Au-delà de la désinformation : les vérités sur la crise à la BOA Burkina Faso
Depuis le 16 février 2026, le personnel de la BOA BURKINA FASO observe une grève légale de 96 heures renouvelables. Une vaste campagne de désinformation est menée contre le personnel de la BOA à des fins inavouées pour détourner l’opinion publique du cœur du problème. Ces burkinabè qui combattent leurs propres frères sont loin de s’imaginer qu’ils font du tort à leurs parrains. Nous portons à la connaissance de l’opinion publique les clarifications suivantes :
– Il faut rappeler que les revendications du personnel datent de 2018 et ont occasionné le licenciement par la Direction Générale de collègues lanceurs d’alerte ;
– La lutte du personnel est avant tout un combat patriotique. En effet, comment comprendre que la filiale du Burkina Faso, première du Groupe depuis au moins dix ans, voit son personnel bénéficier des plus faibles rémunérations dudit Groupe? Les Burkinabè ne méritent-ils pas de jouir des retombées de leur labeur ? Le Burkinabè est reconnu dans le monde entier pour son engagement au travail mais il a toujours été lésé à cause de sa modestie. Malgré les bénéfices engrangés, d’année en année les conditions ne font que se durcir. Sur insistance de la Banque au tribunal, le personnel a accepté qu’une étude comparative soit conduite au niveau national avec les autres banques. Il se trouve que sur ce plan également, nous sommes une fois de plus les « derniers de la classe » en termes de traitement du personnel alors qu’il lui est exigé des standards et des objectifs d’une banque de premier plan ;
– Les revendications du personnel portent également sur l’intégration des intérimaires de plus de 3 ans d’ancienneté parce qu’ils font exactement le même travail que leurs collègues permanents ainsi que la correction de plusieurs autres injustices ;
– Après plusieurs échanges et des promesses non tenues par la Direction Générale, cette dernière avait affirmé à la suite du mouvement d’humeur 2023 qu’elle ne se pliera qu’au droit. Le personnel a donc durant deux années, cherché à résoudre le problème par la voie judiciaire. Toutefois, à la fin de la procédure judiciaire, face aux tergiversations de la Direction Générale, le personnel a poursuivi la grève suivant les dispositions du code du travail. Ce rappel, pour dire que la Banque a eu tout le temps nécessaire pour régler le différend avant qu’elle n’explose ;
– Pendant la procédure judiciaire, le personnel impliqué dans la lutte a subi toute sorte d’intimidations et décisions arbitraires : des rétrogradations, des absences de promotions, des licenciements, des suppressions d’avantages, etc.

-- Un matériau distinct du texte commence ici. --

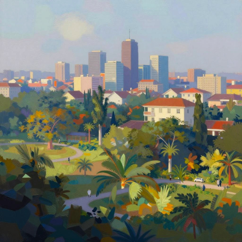 This digital painting in a vibrant, pixelated style depicts a suburban landscape with a city skyline in the background. The foreground features lush greenery with palm trees and various shrubs, bathed in sunlight. A winding path is visible, leading through the garden. Mid-ground includes a beige, red-roofed house with tall cypress trees nearby. The background showcases a cluster of tall, modern skyscrapers in shades of blue, gray, and beige, contrasting with the suburban area. The sky is bright blue with a few scattered clouds. The overall composition combines urban and natural elements, emphasizing a harmonious blend between city and nature.

– La confiance entre la Direction Générale et le personnel est mise en rude épreuve car aucune échéance donnée par la Direction Générale n’a été respectée ; la dernière en date était le 15 janvier 2026 ;
– Enfin, il convient de préciser que les notions et expressions « zone rouge » et « zone orange » qui servent de base pour appeler à une désolidarisation de cette noble lutte ont été créées par la Direction Générale de la banque elle-même. Une note de service a d’ailleurs été diffusée dans ce sens, classifiant les agences en fonction de ces zones.
Le personnel reste engagé pour le dialogue avec la facilitation fort appréciable du Ministère des Serviteurs du Peuple. Nous demandons un traitement juste pour continuer à hisser haut les couleurs de notre très chère patrie le Burkina Faso au sein du groupe BOA.